In America’s Cold War space race with the Soviet Union, a series of lunar missions were planned starting in 1968, a tense period when it seemed either nation could make it to the moon first. When several test flights culminated in the success of Apollo 11, Bean, his commander Charles ‘Pete’ Conrad and fellow American-Scottish crewmate Richard Gordon were ready to fly Apollo 12 within weeks. They would have made the first lunar landing had Armstrong’s mission failed.

Their giant Saturn rocket rose into a Florida thunderstorm in November 1969, with President Richard Nixon watching from the VIP stand – the only occasion a president ever turned up for a moon launch. Public relations pressure was surely a factor, and the dangers of the weather were swiftly confirmed when the spacecraft was struck twice by lighting and its power system went haywire.
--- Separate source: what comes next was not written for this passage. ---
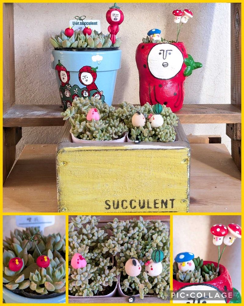 45さん発案、えつこさんのいちごマン鉢🍓といちごマンのいちご狩りのリメ鉢🍓といちごさんのいちごマンピック🍓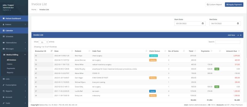 Information for each patient encounter is used for medical billing. The DX (condition of the patient) and CPT (service rendered to the patient) are used when generating proper medical codes for billing. ICD-10 and CPT codes can easily be extracted from the patient encounter and entered into an invoice used for medical billing. The coding information is used to generate HCFA 1500 (CMS 1500) forms for insurance submission or the information can be submitted electronically through EDI (Electronic Data Interchange) to a medical billing clearinghouse. WebShuttle will guide you through the medical billing process with tools and reminders that make it easy.

It was Bean who saved the day. When Mission Control radioed a solution, it made no sense to commander Conrad, as he gazed at a control panel lit up “like a Christmas tree” with flashing warning lights. Bean remembered an obscure procedure from his training, then pressed the vital switch to re-set the rocket’s electrical circuits and resume a safe course.

Four days later, Bean and Conrad started their perilous descent, attempting a pinpoint landing in the moon’s Ocean of Storms, 900 miles from Armstrong’s site in the Sea of Tranquillity. Apollo 11 had lost its way, coming down five miles off target, and precision landing would be essential for later missions planned to visit sites with important geology, but more challenging terrain.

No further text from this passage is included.